I think you missed the point. The author is judging but he isn’t judging the family. He is judging the RVIA and their marketing about getting out into nature and camping while using images that have no real bearing on what they are promoting. If you are going to push the narrative that RVing is a way to escape into nature don’t do it with images of a family all on their own devices, isolated from nature by four walls.

Pete
5 months ago
Reply to  Jed

Above is the best comment I’ve seen so far. Live how ever you please, but please don’t call it “nature”!

Mary DRozario
5 months ago
Reply to  Pete

As a disabled person without temperature regulation, this is how I experience nature. I’m not less than for having an accessible nature experience.

DW/ND
5 months ago

Maybe its been pouring rain and the sun just came out! Can’t be any worse than watching a modern Tv movie or program! When they should be enjoying fresh air – that’s when it is sad to see kids with their faces glued to a screen!

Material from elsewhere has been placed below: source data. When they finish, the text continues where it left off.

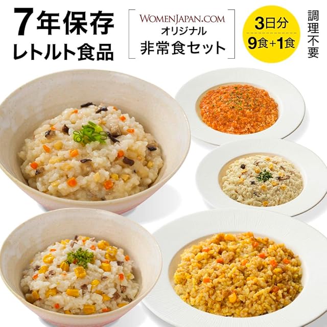 7年保存 非常食 3日分 9食+1食(10食)セット WOMENJAPAN.COM オリジナル 保存食 防災食 非常食 セット ご飯 ごはん 防災 セット 長期保存 防災食セット 災害食 備蓄食 備蓄品 備蓄 食料 アウトドア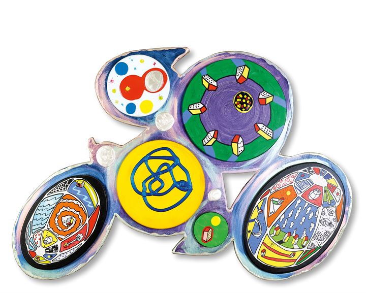 DE PARIS ENRICO Mel-Belluno 1960 "Ciclista cosmico" Torino 1995 70x98 vernici...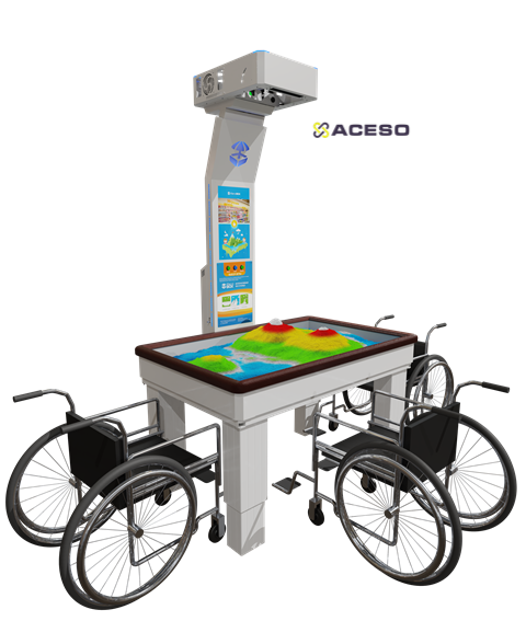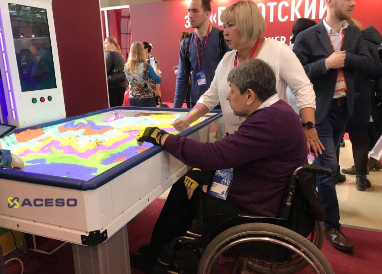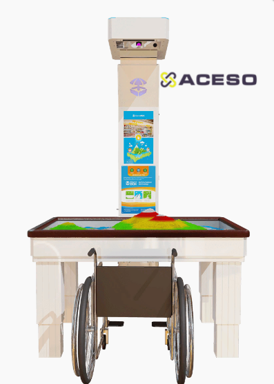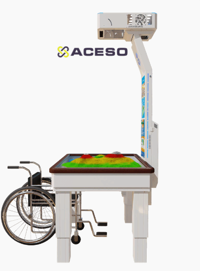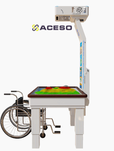 Ее отличительная особенность заключается в том, что она адаптирована для детей и взрослых с нарушениями опорно-двигательного аппарата, ДЦП и нарушениями психоэмоционального развития. Высота игрового поля регулируется при помощи пульта управления на стойке проектора. Песочница снабжена двухуровневой системой защиты при регулировании высоты и мягкими бортиками для дополнительного комфорта и защиты от травм.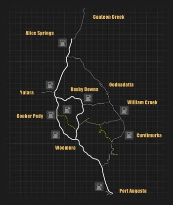 | Cities marked with * is not marked on the map of 18 Wheels of Steel: Extreme Trucker 2 in the Australian Outback map. | |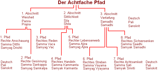 Der edle achtfache Pfad ist im Grunde eine detaillierte Ausarbeitung der vierten Wahrheit und gibt acht Richtlinien für menschliches Denken und Handeln, die Kernbestand der buddhistischen Lehre sind. Zum Erlöschen des Leidens führt der "Edle Achtfache Pfad" (Ariya Atthangika Magga in Sanskrit, Ariya Atthangika Marga in Pali). Wer ihn beschreitet, wird früher oder später durch die Befolgung desselben erleuchtet. Im einzelnen umfaßt er: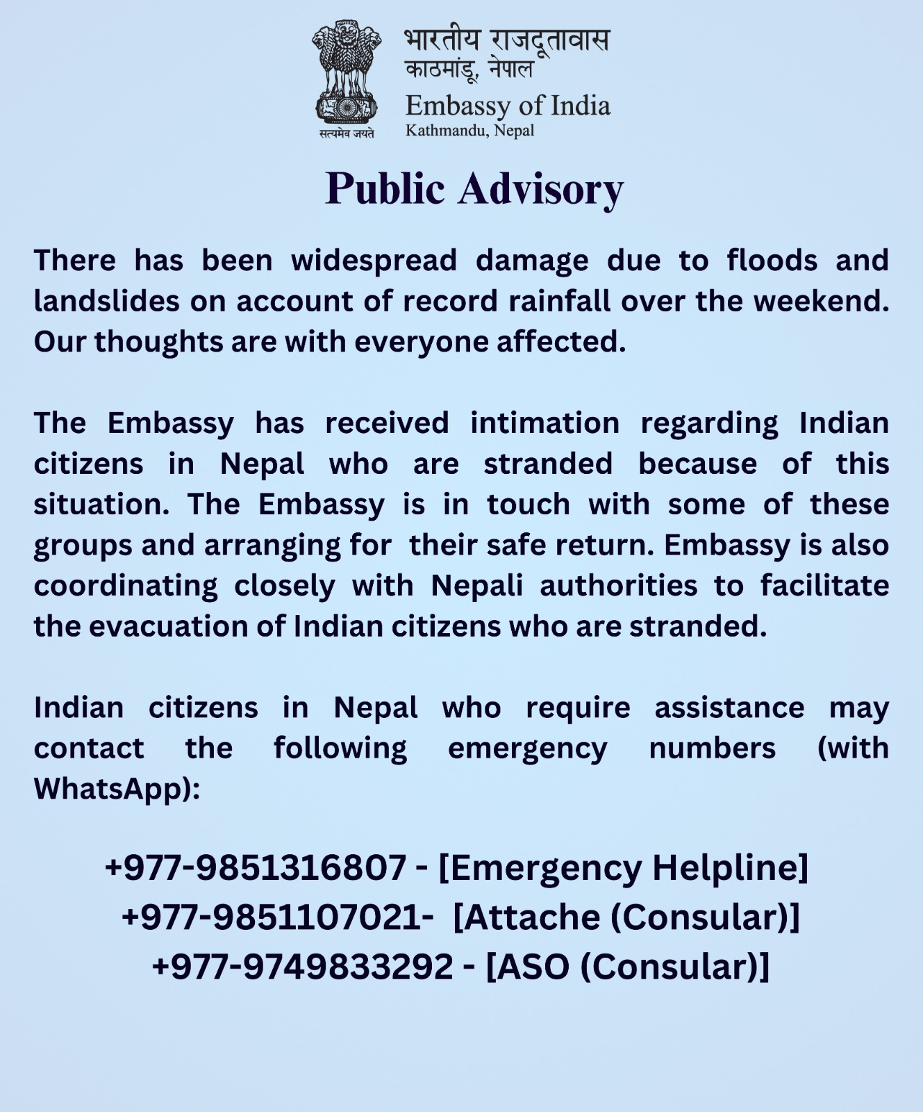 இந்நிலையில், நேபாளத்தில் உள்ள இந்தியர்களுக்காக உதவி எண்களும் அறிவிக்கப்பட்டுள்ளன. அதன்படி, கீழ்காணும் அவசரகால தொலைபேசி எண்கள் மூலமாக இந்திய தூதரகத்தை தொடர்புகொள்ளலாம் என நேபாளத்தில் உள்ள இந்திய தூதரகம் தெரிவித்துள்ளது.

(And a note to “Gray”: I wonder if I was the one in the waiting room?… Hmmm).

TIM MCRAE
5 months ago

So many people just want to pick other peoples lives apart!

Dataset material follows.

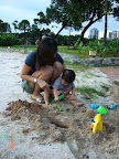 As usual, Mum's not working this week so we headed home for stay-over. Keep mentioning that we want to bring the kids to West Coast Park so finally we did. Ayden's such a clean freak that he refuse to go to the playground as he's afraid of getting himself dirty, in the end, just brought them to this corner to play with sand. After all the swimming in the morning and the sand play in the evening, we ended the night with a meal at the McDonald's located at the park. Ayden told me "Today is so much fun, I'm soooo happy!". He's happy, I'm happy so everybody's happy.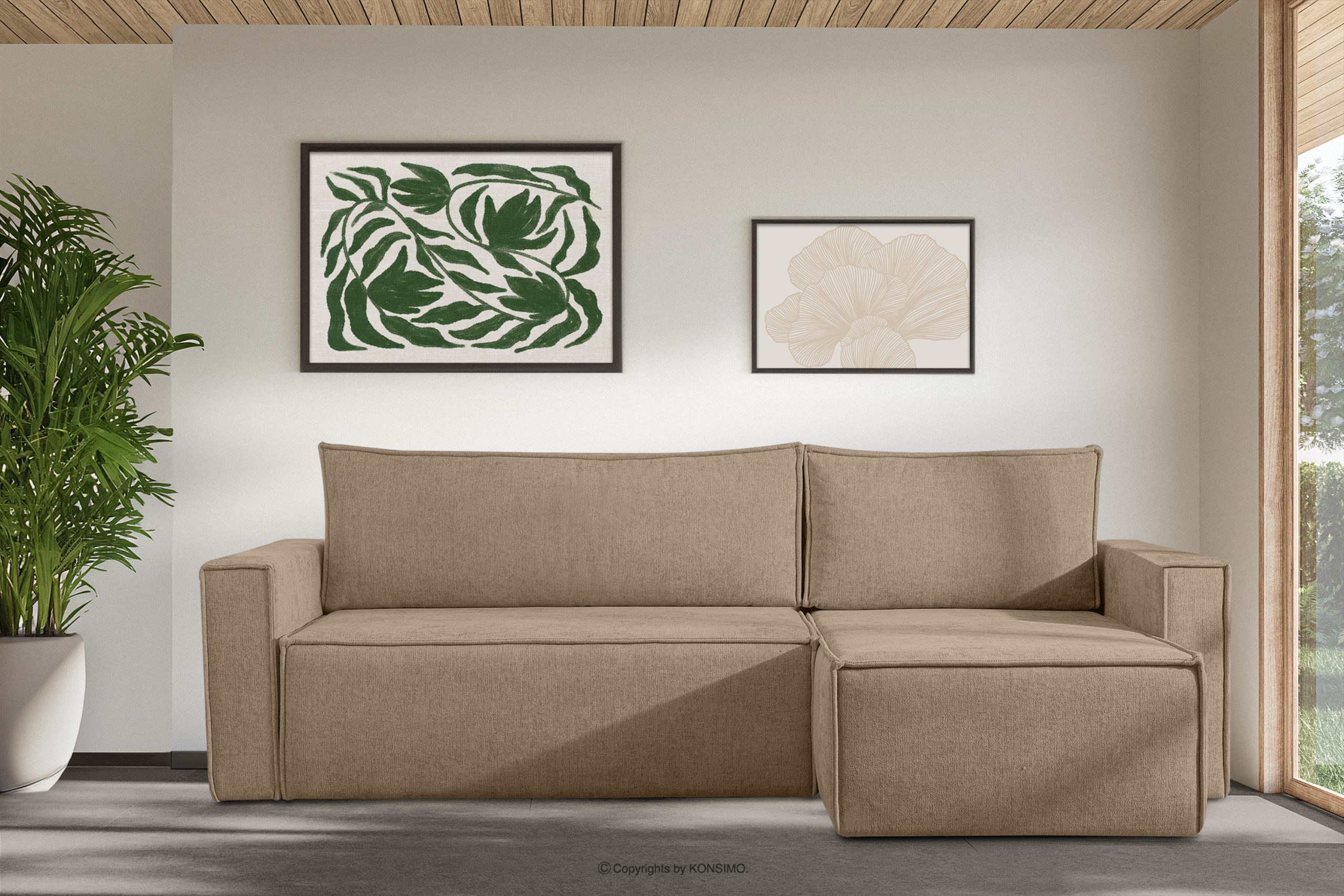 NAPI II Ecksofa mit Schlaffunktion in Gewebestoff hellbraun links/rechts

Live your life your way and leave everyone else ALONE!

That picture is not even real. It is some fake family doing some kind of marketing.

The experts apparently agree. This picture depicts ‘real’ people. All you complainers are out of line!

Vick Barker
5 months ago

Avoid the angst of questioning the purpose of RV’ing and camping by relieving yourself of the concern for what camping should be for others. Make camping yours and leave the purpose of camping to others. For some it is still enjoying nature and getting outdoors but for plenty of others it’s something else – and who is in a position to argue its purpose for me or anyone? It’s not productive thought.

Bob Palin
5 months ago
Reply to  Vick Barker

Well said.

Bugsy
5 months ago

WOW! So sad. We were just watching an episode of Going RVing and as in most of the episodes the people are asking for sleeping areas as far apart as possible and doors, not curtains for privacy. We commented that this is the new “camping ” problem. You are supposed to be having fun family togetherness time. Laying in bed chatting, giggling and enjoying each other. People these days camping are looking for privacy, their own space, etc. Not my words, theirs. That is what their bedroom at home is for.

Scott Ellis
5 months ago

It’s not. But there seems to be no greater concern in buying an RV than how many/how big are its TVs, and no greater concern in parking it than whether or not there’s WiFi. Welcome to modern “camping.”

Mark
5 months ago

Maybe they are researching where their next hike, bike ridge or local attraction is. Stop being so judgemental. Camping or RVing is what they make of it. I’m sure our parents who camped in tents would shake their heads at these houses on wheels staying at campsites that cost the same as or more than a hotel room. Try to find something good in the world and others not “Why aren’t they just like me??”

Rosalie Magistro
5 months ago
Reply to  Mark

I see this quite often, except they are sitting in camp chairs or picnic tables. So sad..
Kids need to get off their phones and run and play.